Is Sanctum Safe

Are LSTs Safe?

Most LSTs that Sanctum support use a version of the SPL stake pool program. Multiple security firms have audited the stake pool program nine times to ensure total safety of funds. So far it has controlled 1B+ dollars of value over more than two years, with no exploits found. Of course, just because a contract has not been exploited in the past does not mean it will never ever be exploited in the future, but it is clear that the stake pool program is one of the safest programs in the world.

We also support the Marinade and Lido programs, which are also battle-tested and have undergone multiple audits.

Who controls the LSTs?

We have launched many new LSTs; some have asked who controls these. The individual projects do not control the LSTs. Rather, it is controlled by a multisig.

The upgrade authority of Sanctum’s LSTs is currently held by a 10-member multisig. All members are highly reputable actors in the space: Jito, Jupiter, Laine, Mango, MRGN, Solblaze, and Sanctum. Any changes to the LST program will have to be approved by a majority vote from this multisig. No single party can unilaterally change the program. We plan to significantly grow the size of the multisig and eventually freeze the program.

The day-to-day management of the LSTs is currently held by Sanctum.

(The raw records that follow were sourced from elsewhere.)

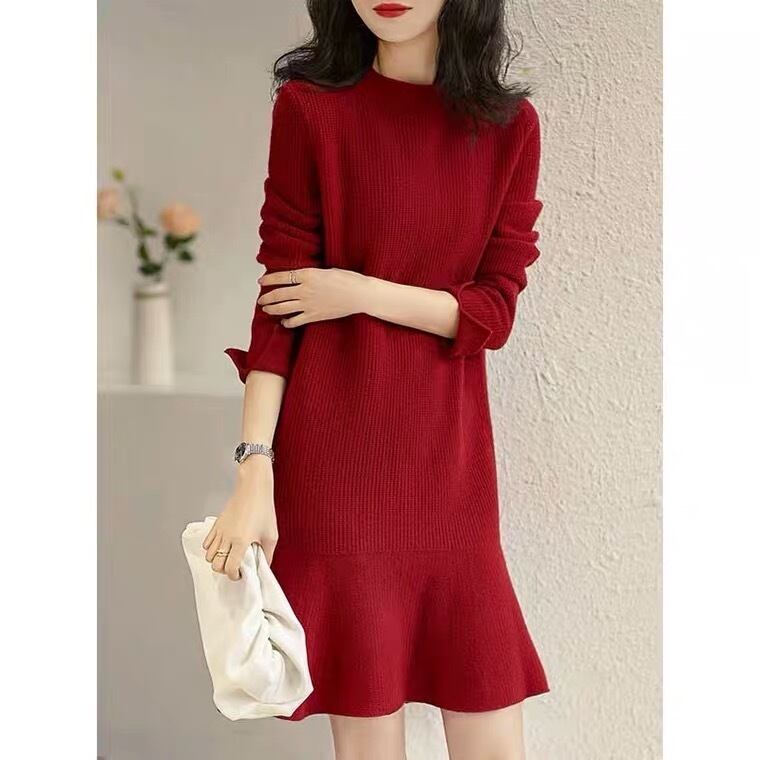 冬のおしゃれには、ニットワンピースが欠かせません。このワンピースは、フレアの広がりが可愛らしいデザインで、ウエスト部分はしぼってあり、細身のシルエットに。ラウンドネックと長袖で、女性らしさもしっかりキープしています。膝丈は大人っぽく、足元はブーツなどで合わせても◎。リブ素材で伸縮性があるため、動きやすく着心地も抜群です。カラーは2色で、お好きな色が必ず見つかります。きっとあなたのお気に入りが見つかるはず。この一枚であなたもきれいめな大人女子に。是非、お試しください!
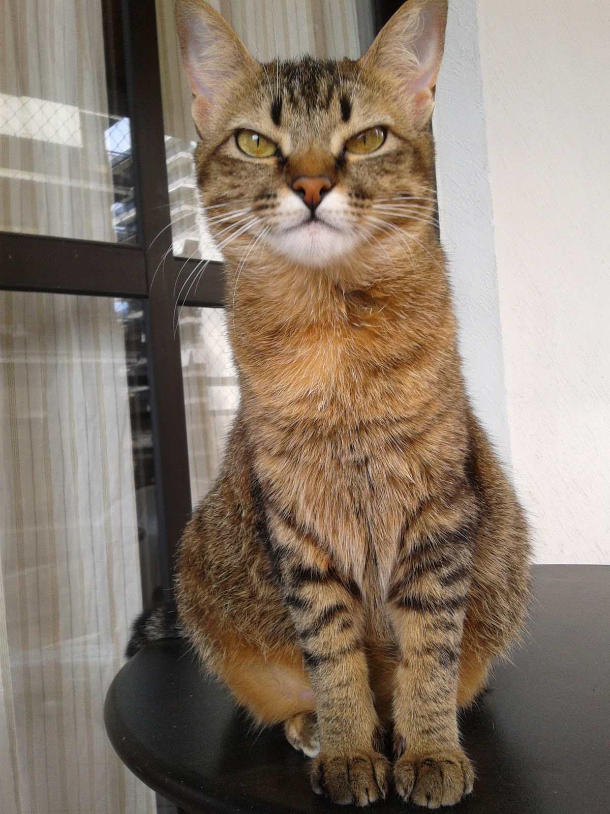 3 - O comportamento da Chloe mudou bastante nos últimos meses. Antes, ela subia na gente o tempo todo! Era para ver TV, para tirar cochilo, até no ombro do meu marido ela já sentou, como se fosse um papagaio. Hoje, ela não gosta muito de ser pegada. Ela prefere sentar ao nosso lado no sofá, mas não no nosso colo. E se for para ir ao colo, ela é quem decide. Não adianta a pegarmos que ela sai correndo e vai sentar no chão. Muito rebelde, essa gatinha! rs
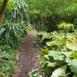 Wandering through the winding paths and jungle-like glades allows you to discover a wide range of plants including Giant Geraniums, Echiums, Palm trees, Bamboos, Yams (Collocasia & Alocasia), Banana trees, Tree Ferns and Camellias galore.

This management authority is in charge of setting up the LSTs and staking the deposited SOL. Please that the management authority cannot steal your funds, even if compromised. It is possible for the management authority to raise fees, however the program is designed that fee changes are capped and happen with ample warning, so you can withdraw your SOL before any changes take effect: see here for details. We plan to use Jito’s Stakenet to perform this delegation in the future.

“Depeg” risk

This is a risk often misunderstood by many. People often think of depegs like a bank run: you deposit money in the bank, the bank lends out your money, those loans default, and the bank does not have the money to pay you. However, this is not possible in the case of an LST. Unlike on Ethereum (which has withdrawal queues), LSTs on Solana are designed such that you can always get your staked SOL immediately, no matter what.

How is it possible for the price of an LST to fall below par then? This reflects a very strong (sometimes irrational…) preference for immediate liquidity. For example, when a whale sells a very large amount of mSOL without caring about slippage. This is a self-resolving problem, in that large depegs are often arbitraged back to par in a matter of minutes, and will not affect the majority of LST holders – their SOL is still there. Rather, this is of most concern for people using LSTs as collateral on borrow-lend protocols, as they may get liquidated. This should hopefully be mitigated as liquidity gets deeper (infinity! reserve! router!) and oracle structures on borrow-lend protocols become more robust.